After finishing second to rivals Los Angeles in the Western Conference in 2024, the Galaxy won the MLS Cup with a 2–1 victory over the New York Red Bulls. Despite the presence of such high-profile former internationals as Maya Yoshida and Marco Reus, it was the contributions of Josef Paintsil, Gabriel Pech and Dejan Jovelic, who later went to Sporting Kansas City for $4 million in the league's first cash-for-player deal, that proved decisive.
The Galaxy paid around $19 million in transfer fees to acquire the relatively unannounced Pec and Paintsil, but as Waterson notes: “They won us the championship.”
And with clubs across the league tapping both high-profile recruits and young talent, it's a model that will allow MLS clubs to continue to sign the best young Australians, develop them and then promote them for even higher transfer fees.
“We used to spend money on players like Zlatan, Robbie Keane, Ashley Cole and Steven Gerrard,” Waterson said. “We're now moving away from that model a little bit, which could be good for young Australian children.”
General basis
With eight Australian players currently playing in MLS, as well as a trio of New Zealand internationals in Michael Boxall, Finn Surman and Bill Tuiloma, it's hard to imagine we've seen the last of the arrivals from Down Under.
Having recently lifted the US Open Cup With Nashville and the upcoming World Cup on the horizon, Yazbeck credits a common language — and the ability to adapt to the physical demands of the league — with helping him land on the national team's radar.

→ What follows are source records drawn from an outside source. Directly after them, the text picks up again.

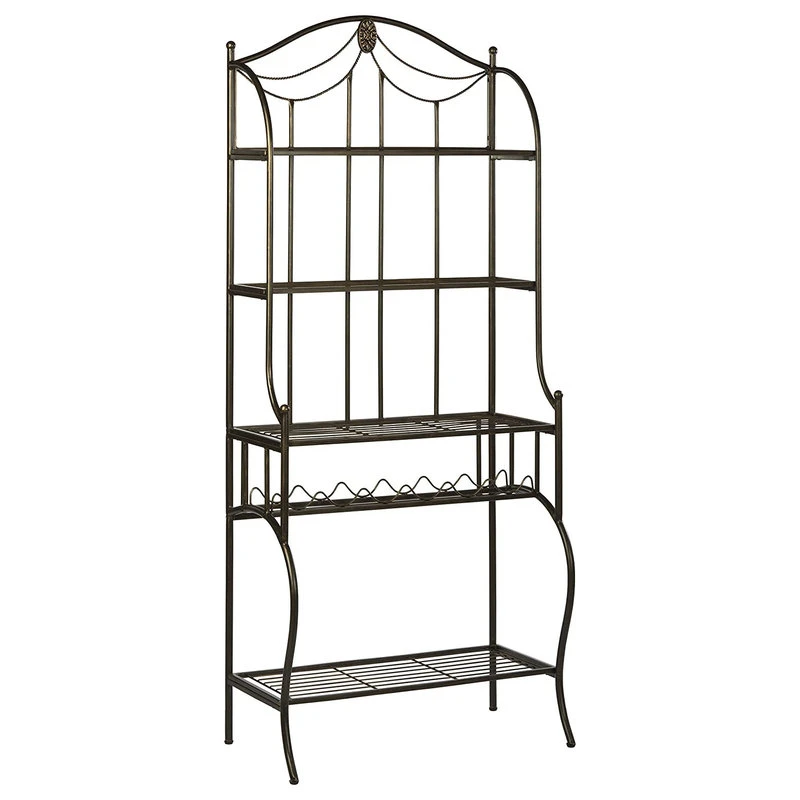 - Traditional metal baker’s rack featuring a rich black finish with gold accents
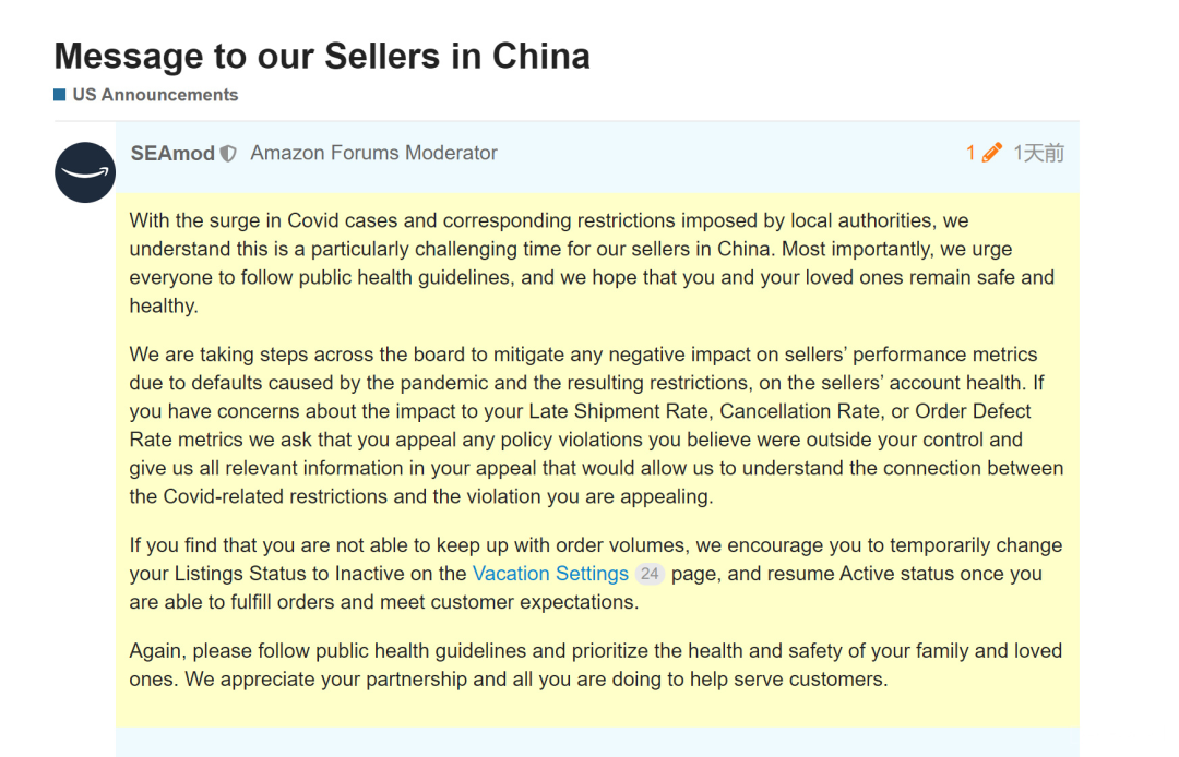 除此之外,亚马逊美国站也发布了公告表示,随着中国疫情严重蔓延波及中国多个省份,亚马逊正在全面采取措施降低中国卖家受疫情影响对账户健康状态造成的影响。
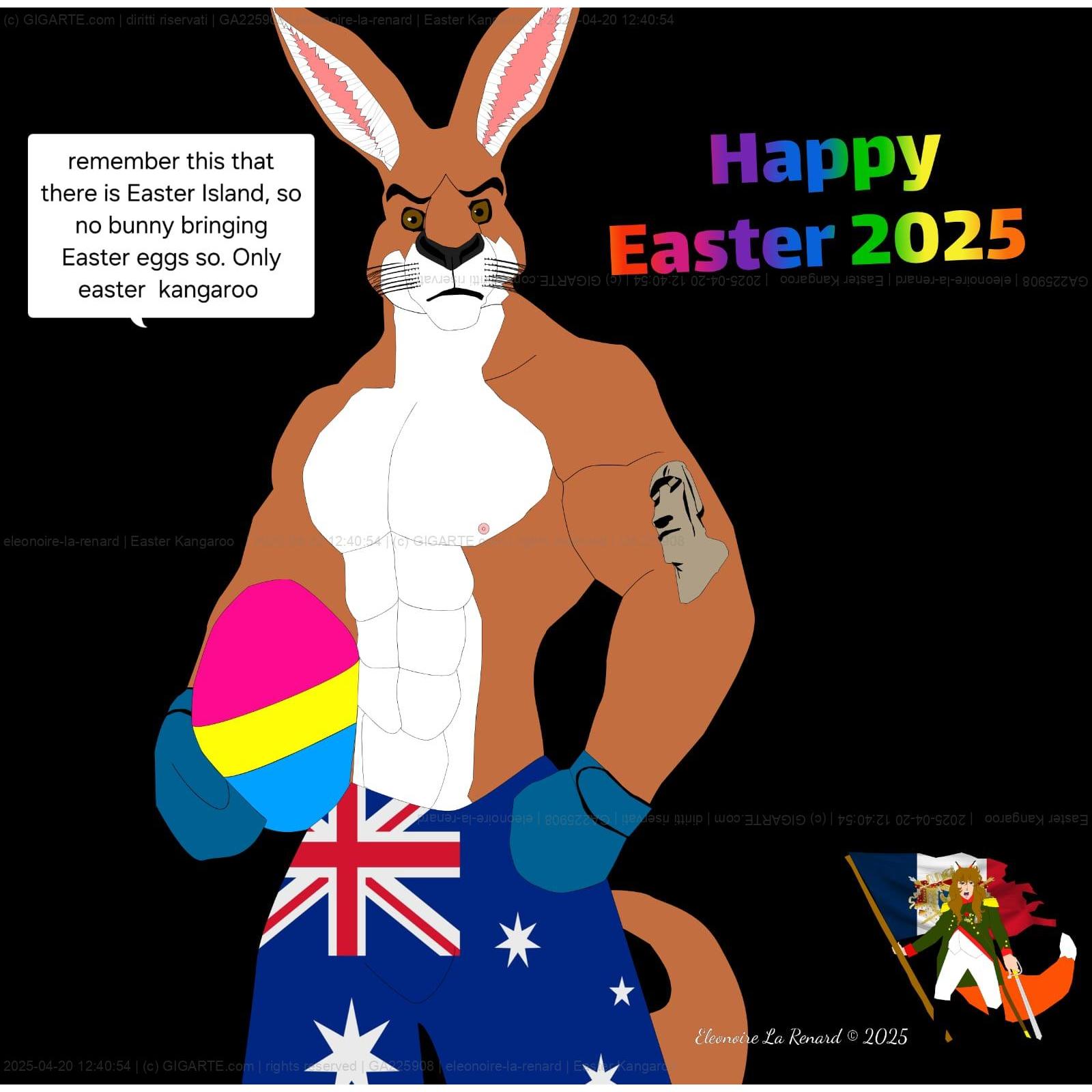 During Easter, the rabbit is the main character, but this year I was inspired by something a bit different—a kangaroo carrying an Easter egg. The egg features the colors of the pansexual flag, symbolizing inclusivity and diversity. The kangaroo is dressed in men's boxers with the Australian flag pattern, paying homage to its native habitat.

“This is the first real year I've probably played almost 40 games and it's been really good,” he said. “I was part of a winning team, and that’s important too.”
While Australia coach Tony Popovic can now afford to experiment with his Socceroos side booking their place at next year's World Cup finals, he generally favors those who play regularly for their club teams. That should bolster Yazbek, who played 80 minutes in the recent US Open Cup final win over Austin.
“We certainly thought about it before we came to Nashville,” he said. “It was a question: “Will this make my ambitions in the national team easier?”
Now in the spotlight of the national team, he is in a good position to book his seat on the plane for the World Cup, which will be held in a region he knows well.
“Coming to MLS, I felt like I had made a bit of a leap because I was one of the first young Australian players to come here,” he said.
“But I feel like I took the leap and believed that playing regularly in this league would help me, I think it worked out very well.”